#### What this task involves:
For the listing below, the answer is an exact retyping of the lines from the one with "Столешница из ЛДСП" through the one with "Click to Create", both included, without pictures.

(Information supplied Opens)

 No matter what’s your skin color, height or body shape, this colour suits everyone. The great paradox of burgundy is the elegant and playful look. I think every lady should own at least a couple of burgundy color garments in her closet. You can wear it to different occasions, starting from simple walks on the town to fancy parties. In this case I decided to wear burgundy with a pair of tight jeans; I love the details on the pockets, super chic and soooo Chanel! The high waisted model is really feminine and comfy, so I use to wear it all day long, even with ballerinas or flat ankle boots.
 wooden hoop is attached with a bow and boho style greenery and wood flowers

(Information supplied Closes)
(Information supplied Opens)

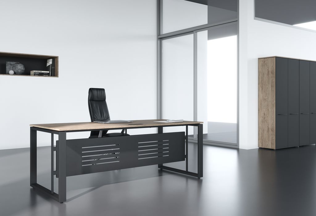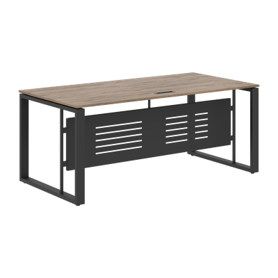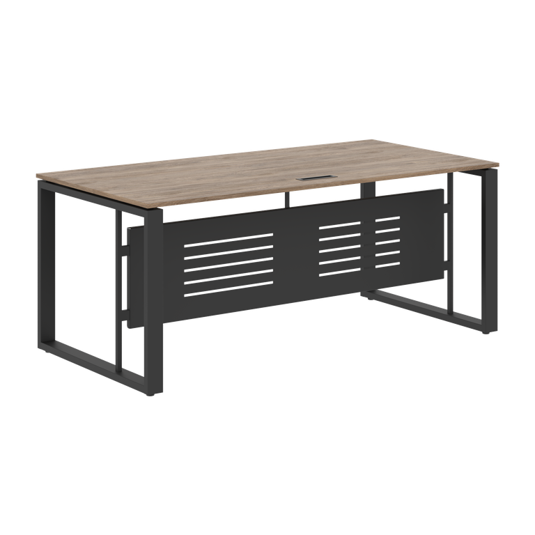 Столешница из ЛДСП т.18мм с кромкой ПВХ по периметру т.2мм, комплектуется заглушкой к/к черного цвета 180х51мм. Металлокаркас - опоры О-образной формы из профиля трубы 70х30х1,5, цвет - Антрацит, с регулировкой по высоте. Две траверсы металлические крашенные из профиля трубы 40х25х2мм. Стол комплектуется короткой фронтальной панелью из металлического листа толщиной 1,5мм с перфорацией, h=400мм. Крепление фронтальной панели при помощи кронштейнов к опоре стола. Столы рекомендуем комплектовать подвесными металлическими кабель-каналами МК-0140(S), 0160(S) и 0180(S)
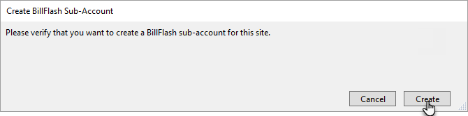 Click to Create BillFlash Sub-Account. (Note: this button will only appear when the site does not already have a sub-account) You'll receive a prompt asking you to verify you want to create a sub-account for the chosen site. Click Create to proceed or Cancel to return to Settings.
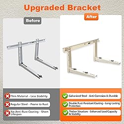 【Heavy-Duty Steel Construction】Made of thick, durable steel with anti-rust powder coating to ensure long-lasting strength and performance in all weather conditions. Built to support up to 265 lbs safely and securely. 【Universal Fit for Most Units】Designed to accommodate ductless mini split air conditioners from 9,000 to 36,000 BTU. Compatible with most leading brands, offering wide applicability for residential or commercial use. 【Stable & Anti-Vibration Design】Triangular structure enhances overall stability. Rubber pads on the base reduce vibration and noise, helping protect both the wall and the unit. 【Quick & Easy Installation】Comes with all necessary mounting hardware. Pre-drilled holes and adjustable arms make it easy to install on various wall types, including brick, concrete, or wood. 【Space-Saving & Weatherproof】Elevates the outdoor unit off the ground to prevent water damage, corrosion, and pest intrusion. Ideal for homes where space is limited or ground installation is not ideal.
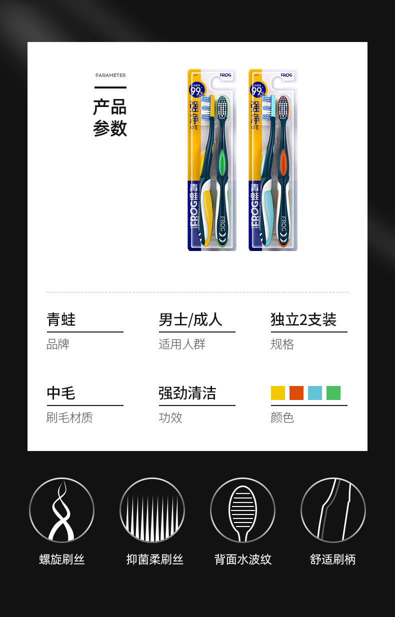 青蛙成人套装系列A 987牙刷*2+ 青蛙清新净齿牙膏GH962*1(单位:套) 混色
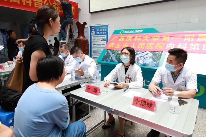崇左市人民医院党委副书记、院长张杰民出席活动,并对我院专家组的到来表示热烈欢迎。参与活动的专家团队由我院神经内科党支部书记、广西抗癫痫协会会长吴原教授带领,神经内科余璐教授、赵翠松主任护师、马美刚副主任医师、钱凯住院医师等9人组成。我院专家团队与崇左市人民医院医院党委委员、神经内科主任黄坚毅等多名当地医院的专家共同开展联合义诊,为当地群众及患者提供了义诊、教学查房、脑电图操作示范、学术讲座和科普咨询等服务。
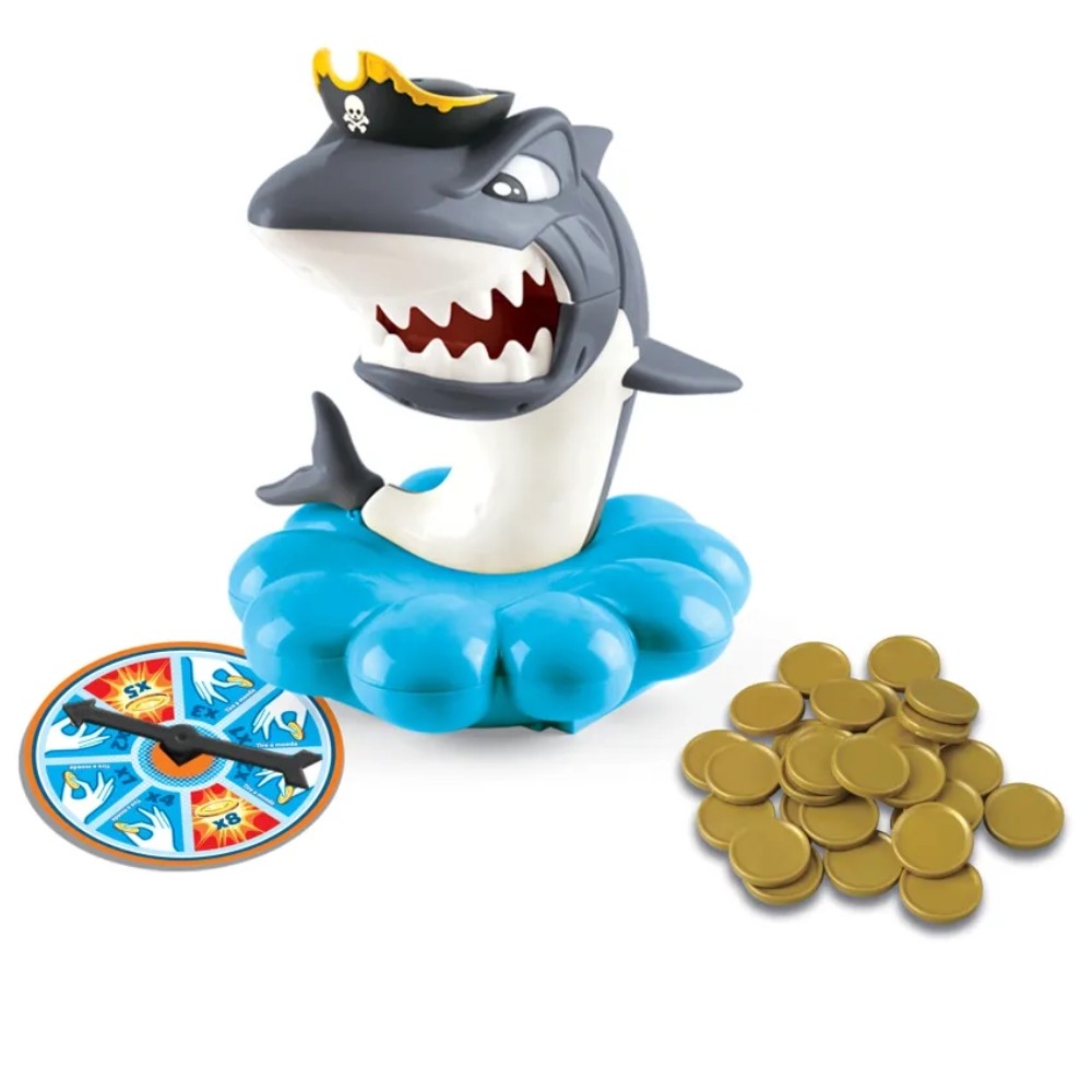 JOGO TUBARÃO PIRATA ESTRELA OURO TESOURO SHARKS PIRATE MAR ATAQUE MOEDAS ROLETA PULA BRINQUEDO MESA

(Information supplied Closes)
(Information supplied Opens)

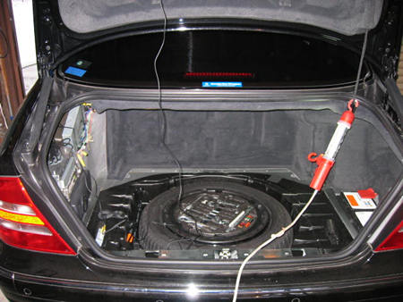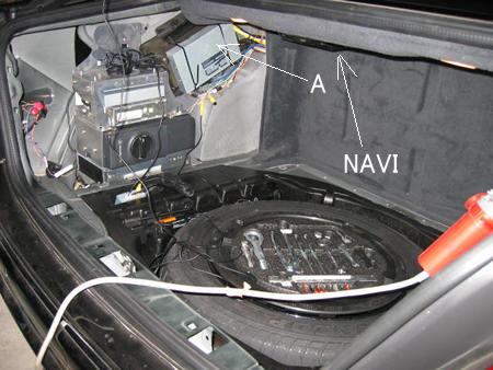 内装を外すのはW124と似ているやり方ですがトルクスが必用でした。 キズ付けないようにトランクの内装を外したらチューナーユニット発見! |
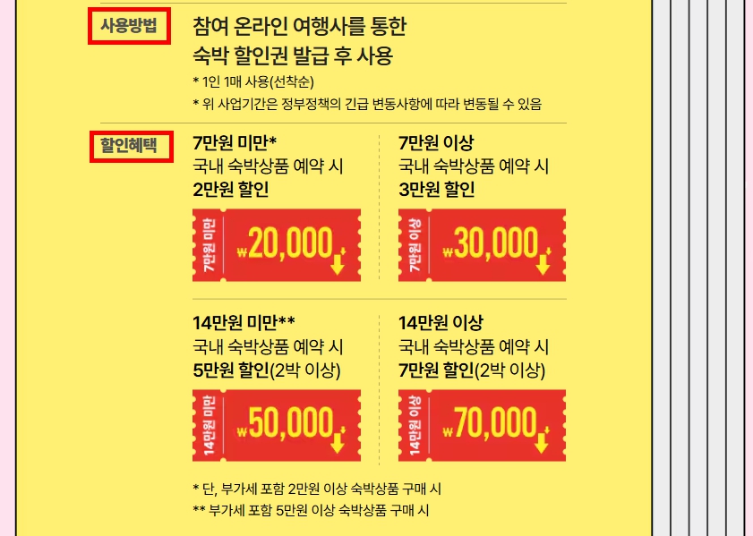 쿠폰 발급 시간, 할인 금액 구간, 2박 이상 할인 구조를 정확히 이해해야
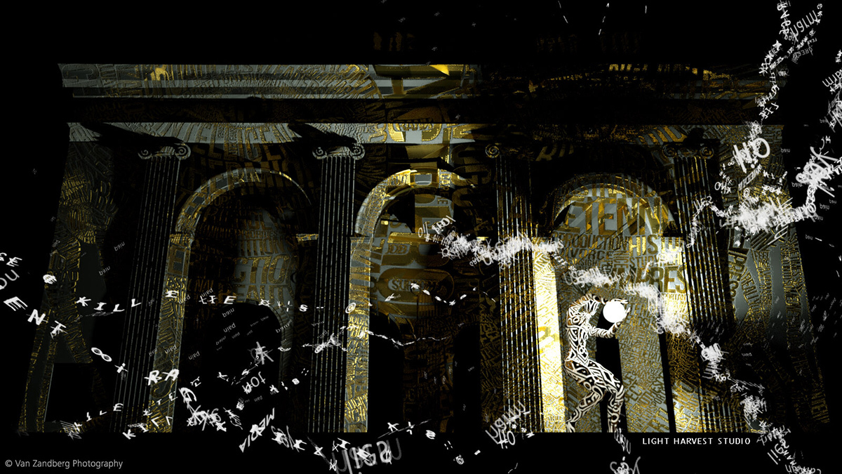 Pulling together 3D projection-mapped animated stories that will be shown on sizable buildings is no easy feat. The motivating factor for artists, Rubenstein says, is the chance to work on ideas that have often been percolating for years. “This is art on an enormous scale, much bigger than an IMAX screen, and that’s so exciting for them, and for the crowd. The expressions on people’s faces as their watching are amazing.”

(Information supplied Closes)

#### Expected answer:
 Столешница из ЛДСП т.18мм с кромкой ПВХ по периметру т.2мм, комплектуется заглушкой к/к черного цвета 180х51мм. Металлокаркас - опоры О-образной формы из профиля трубы 70х30х1,5, цвет - Антрацит, с регулировкой по высоте. Две траверсы металлические крашенные из профиля трубы 40х25х2мм. Стол комплектуется короткой фронтальной панелью из металлического листа толщиной 1,5мм с перфорацией, h=400мм. Крепление фронтальной панели при помощи кронштейнов к опоре стола. Столы рекомендуем комплектовать подвесными металлическими кабель-каналами МК-0140(S), 0160(S) и 0180(S)
 Click to Create BillFlash Sub-Account. (Note: this button will only appear when the site does not already have a sub-account) You'll receive a prompt asking you to verify you want to create a sub-account for the chosen site. Click Create to proceed or Cancel to return to Settings.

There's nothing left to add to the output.